The Kremlin has been actively working for the rehabilitation of Stalin. Its aim is not to deny Stalin's crimes, but to emphasize his achievements as the builder of the country's "glorious Soviet past." It wants Russians to take pride in their Soviet past and not to be burdened with a paralyzing sense of guilt about the repressions of the Stalin period.

At a conference in June 2007, then-President Vladimir Putin called on Russia's schoolteachers to portray the Stalin period in a more positive light. It was Stalin who made the Soviet Union great, who won the war against Hitler, and his "mistakes" were no worse than the crimes of Western states, he said.

Textbooks dwelling on the Great Terror and the gulag have been censored, historians attacked as "antipatriotic" for highlighting Stalin's crimes.

The presidential administration has promoted its own textbook, "The Modern History of Russia, 1945-2006: A Teacher's Handbook." According to one of its authors -- the Kremlin propagandist Pavel Danilin -- its aim is to present Russian history "not as a depressing sequence of misfortunes and mistakes, but as something to instill pride in one's country. This is precisely how teachers must teach history and not smear the Motherland with mud."

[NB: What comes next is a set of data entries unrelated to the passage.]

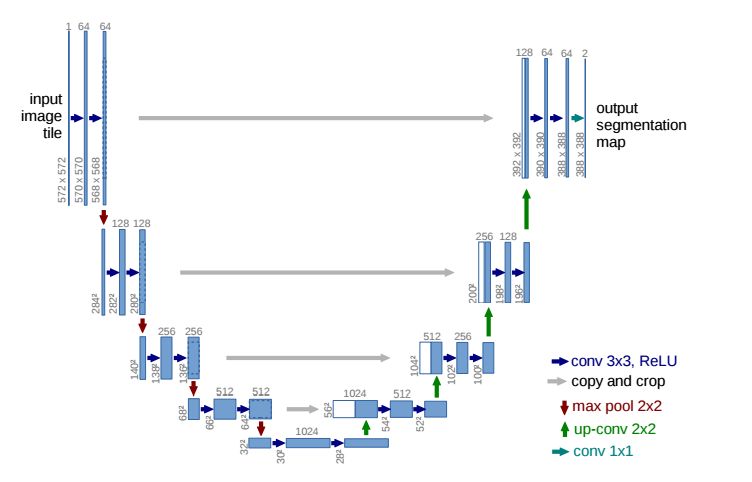 U-Net有很多优点,最大卖点就是它可以在小数据集上也能train出一个好的模型,这个优点对于我们这个任务来说真的非常适合。而且,U-Net在训练速度上也是非常快的,这对于需要短时间就得出结果的期末project来说也是非常合适。U-Net在网络架构上还是非常优雅的,整个呈现U形,故起名U-Net。这里不打算详细介绍U-Net结构,有兴趣的深究的可以看看论文。
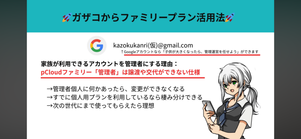 pCloudファミリープランは、現時点(2025年)で 管理者アカウントを交代できません。
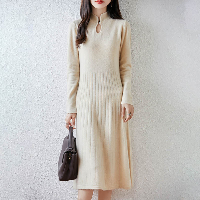 新中式国风100%纯羊毛衫连衣裙女立领针织毛衣中长款过膝羊绒长裙
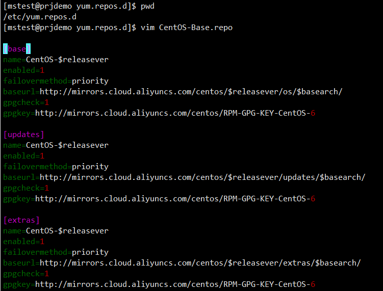 3. /etc/yum.repos.d 目录下有yum源配置文件,一般使用的是阿里云镜像:
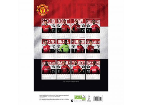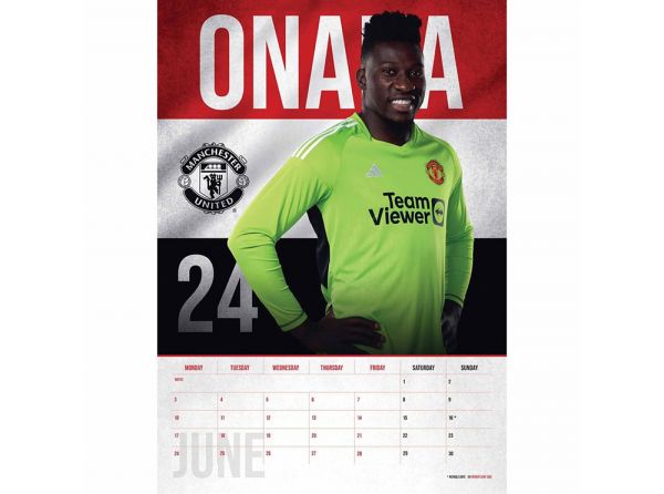 Kalendár Manchester United na rok 2024 pre všetkých fanúšikov Red Devils. Jedna titulná fotka a 12 ďalších. Fotky hráčov v drese, meno a klubový znak. Formát A3 (297 x 420 mm), väzba krúžková. Oficiálny produkt Manchestru United.

Danilin is a close associate of Gleb Pavlovsky, a presidential adviser and the editor of the "Russian Journal," which aims to create an intellectual base for Putin's pseudo-democracy.

A special December issue on the "Politics of Memory" was published to coincide with the raid on Memorial. It contained two articles viciously attacking the work of Memorial for playing into the hands foreign historians accused of setting out to blacken Soviet history by focusing on Stalin's crimes.

"The Whisperers" has been translated into 22 foreign languages, including all the European languages of the former Soviet Union -- except Russian, it now seems.

Orlando Figes is a professor of history at Birkbeck College, University of London. The views expressed in this commentary are the author's own and do not necessarily reflect those of RFE/RL.